Mineral Resources Ltd (ASX: MIN), a provider of mining infrastructure services announced its recent binding Asset Sale and Share Subscription Agreement (Sale Agreement) with Albemarle Corporation. Under this agreement, the company is ready to sell 50% interest in the Wodgina Lithium Project and simultaneously enter into 50:50 joint venture to produce a spodumene concentrate and lithium hydroxide at this project.
After signing the exclusive agreement and commercially agreed on key terms with Albemarle on 21 November 2018, the sales agreement executed. It created a keen interest amongst global participants from battery minerals and chemical value chain.

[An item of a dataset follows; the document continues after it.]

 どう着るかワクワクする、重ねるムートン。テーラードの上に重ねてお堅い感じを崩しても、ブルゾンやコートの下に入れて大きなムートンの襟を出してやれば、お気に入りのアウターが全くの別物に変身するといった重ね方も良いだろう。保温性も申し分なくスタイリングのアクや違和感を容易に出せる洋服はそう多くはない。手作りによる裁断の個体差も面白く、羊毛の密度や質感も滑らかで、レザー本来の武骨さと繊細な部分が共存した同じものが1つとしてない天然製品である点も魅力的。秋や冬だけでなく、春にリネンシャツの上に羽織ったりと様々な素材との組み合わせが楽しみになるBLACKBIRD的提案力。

As per the sales agreement, Albemarle which purchase 50% interest in tenements under the Wodgina lithium project. It also includes the project’s assets as well as related infrastructures. Once this project gets completed, both companies will form 50:50 unincorporated joint venture based on certain sales key terms under which Albemarle needs to pay US$1.15 billion in cash on completion of sale interest. Albemarle will also be holding 50% interest in mineral rights in Wodgina tenements. However, it will exclude the iron ore which will be taken care of by Mineral Resources. Under Tantalum which forms a part of Global Advanced Metals Greenbushes Pty Ltd, there are certain fixed infrastructures and utility asset, i.e., the spodumene concentrate plant and the mobile mining equipment which is being owned by MIN. Albemarle is also supposed to hold 50% interest in it.
The terms and condition for the completion of the sales agreement include regulatory approvals from Foreign Investments Review Board (FIRB) and Chinese anti-trust. It also included consent from WA Ministers and third parties in the underlying tenements.

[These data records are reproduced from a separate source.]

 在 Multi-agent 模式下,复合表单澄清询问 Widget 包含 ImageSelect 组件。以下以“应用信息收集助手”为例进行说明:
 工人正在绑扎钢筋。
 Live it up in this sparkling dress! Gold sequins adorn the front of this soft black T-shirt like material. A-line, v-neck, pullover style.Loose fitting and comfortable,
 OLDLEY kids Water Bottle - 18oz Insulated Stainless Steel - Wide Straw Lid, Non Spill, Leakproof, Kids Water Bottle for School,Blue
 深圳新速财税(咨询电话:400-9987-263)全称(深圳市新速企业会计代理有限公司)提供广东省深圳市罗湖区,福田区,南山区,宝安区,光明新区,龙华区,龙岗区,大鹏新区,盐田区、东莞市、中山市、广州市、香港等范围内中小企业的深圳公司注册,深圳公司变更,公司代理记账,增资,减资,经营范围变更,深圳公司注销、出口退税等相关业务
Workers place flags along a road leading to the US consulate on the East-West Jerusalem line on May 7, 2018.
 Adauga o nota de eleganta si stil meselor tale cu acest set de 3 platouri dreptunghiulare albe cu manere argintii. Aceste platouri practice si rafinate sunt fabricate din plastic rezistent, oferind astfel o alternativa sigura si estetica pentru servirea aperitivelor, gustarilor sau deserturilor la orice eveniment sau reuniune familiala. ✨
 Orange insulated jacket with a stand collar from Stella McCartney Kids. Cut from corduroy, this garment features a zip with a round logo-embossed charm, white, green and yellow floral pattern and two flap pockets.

On completing the sales agreement, parties will enter into the joint venture regarding exploration, development, mining, processing, and production of lithium and other minerals in the area mentioned in the joint venture. MRL will take the ownership of constructing and also funding the fixed infrastructure, utilities and the processing plants for the production of 750Ktpa of 6% spodumene concentrate. Other than this, if both agree to build any future lithium plant, that will be funded as jointly.
On the other hand, MIN is responsible for giving the life of the Wodgina JV along with services related to crushing, operations and maintenance of camp and airport and logistics about transportation of the product from the port to ship loading.

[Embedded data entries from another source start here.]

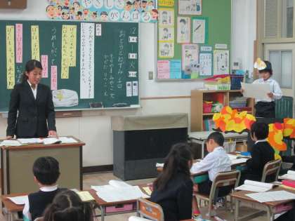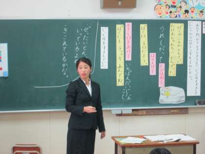 昨日、1年生の研究授業(国語)が行われました。教材は「おとうとねずみチロ」です。あらすじは、子ねずみが3匹で暮らしている家に、おばあちゃんから「赤と青のチョッキを編んで送ります。」という手紙が届きます。喜んだのも束の間、お兄ちゃん・お姉ちゃんに、「赤と青のチョッキだから、チロのはないよ」と言われ、心配するおとうとねずみ。字が書けないため、手紙を出す事もできず、「ぼくにもチョッキあんでね!」と、おばあちゃんにメッセージを送ります。後日、お兄さん、お姉さんには青と赤のチョッキ、チロには「赤と青のしましまのチョッキ」が届くという、心あたたまるお話しです。具体物を使った楽しい授業に、グイグイ子どもたちも引き込まれていきました。チロのお面をつけてチロになりきって、いろいろ発表してくれた1年2組のみなさん、お疲れさまでした。
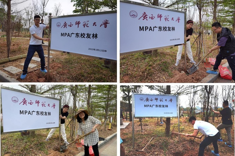 上午9时许,近在东莞,远至韶关、佛山等地的校友们都陆续到场。在苗木专家的指导下,大家三五成群协作植树。经过大家近一小时的不懈努力,一枝枝树苗已扎根大地,蔚然成林。其后,校友们你一铲我一锹浇筑混凝土,在刚刚种下苗木旁竖立起“广西师范大学MPA广东校友林”匾牌以作见证。
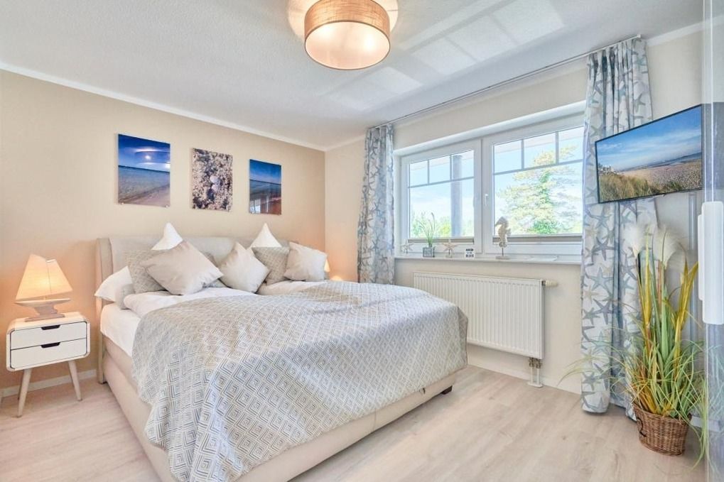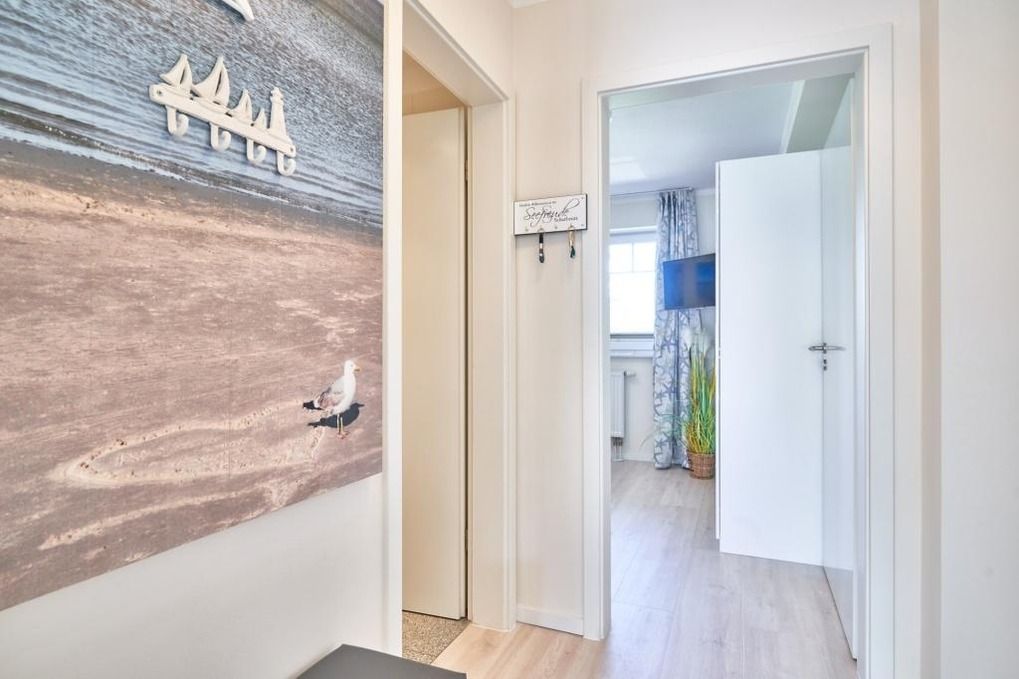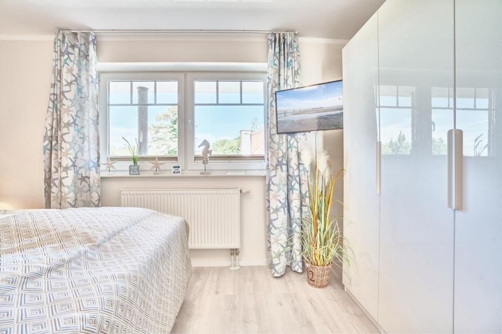 Der Eingangsbereich ist mit einer Garderobe ausgestattet. Das Schlafzimmer hat ein Boxspringbett (180 x 200m), zwei Nachttische sowie einen Kleiderschrank. Verdunkeln lässt sich das Schlafzimmer über ein Verdunklungsrollo sowie einen Verdunklungsvorhang.
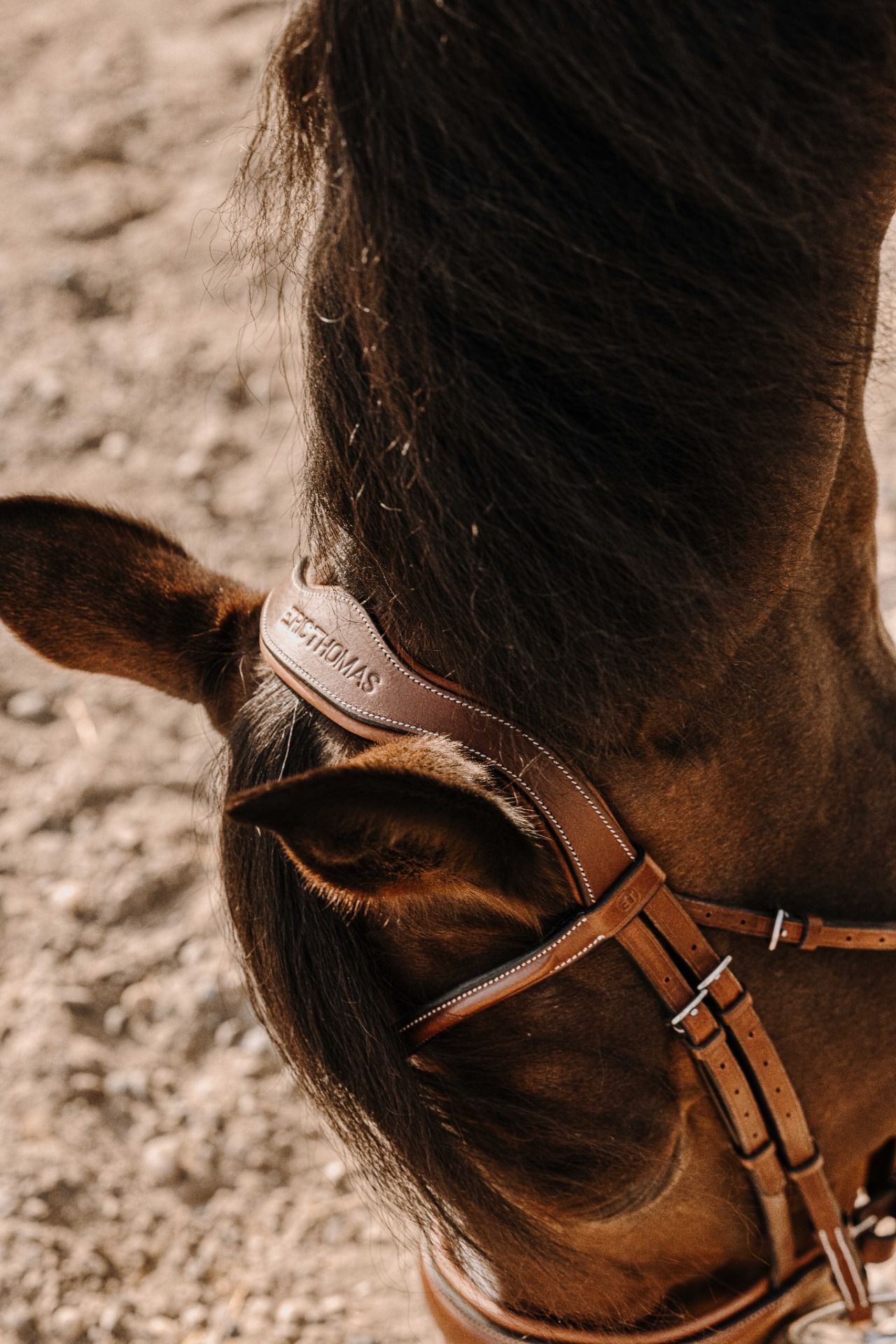 Bridon en cuir de buffle aniline avec frontal galbé et muserolle suédoise, doublés de clarino pour confort et élégance !
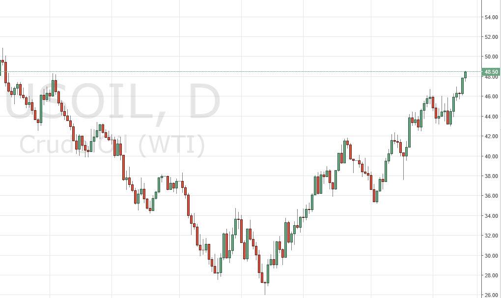 The WTI Crude Oil market rose slightly during the course of the day on Tuesday, as we broke above the $48 level. It now appears that the market is trying to reach towards the $50 handle, an area where I anticipate that there will be a lot of resistance. After all, it is a large, round, psychologically significant number, and those areas tend to cause a bit of trouble. Any resistive candle in that area could be a short-term selling opportunity but quite frankly I feel that the only way to sell this market is to do it off of a longer-term chart and a longer-term signal. Pullbacks at this point in time will more than likely find plenty of support near the $46 handle below.

Through JV at the Wodgina project needs to produce 750Ktpa of 6% spodumene concentrate. They also need to build two battery-grade lithium-hydroxide plants in two stages to produce 50ktpa of lithium hydroxide (LCE basis) that will be funded jointly based on the prevailing market conditions.
Albemarle holds a license for making its core lithium-hydroxide plant designs at the Wodgina JV project. It is also responsible for marketing and sales of the spodumene concentrate produced at the site before the construction of the hydroxide plant.
The formation of the management committee will include members from each of the two JV parties in equal numbers. The committee will be responsible for providing any misunderstanding of the manager (a special purpose company whose formation will be after the JV completion and will be owing equal shares by both the parties) as well as approving the critical decisions and budget sanction.
By the end of trading on 14 December 2018, the market price of the share was A$14.300 with the stock holding a market capitalization of A$2.72 billion.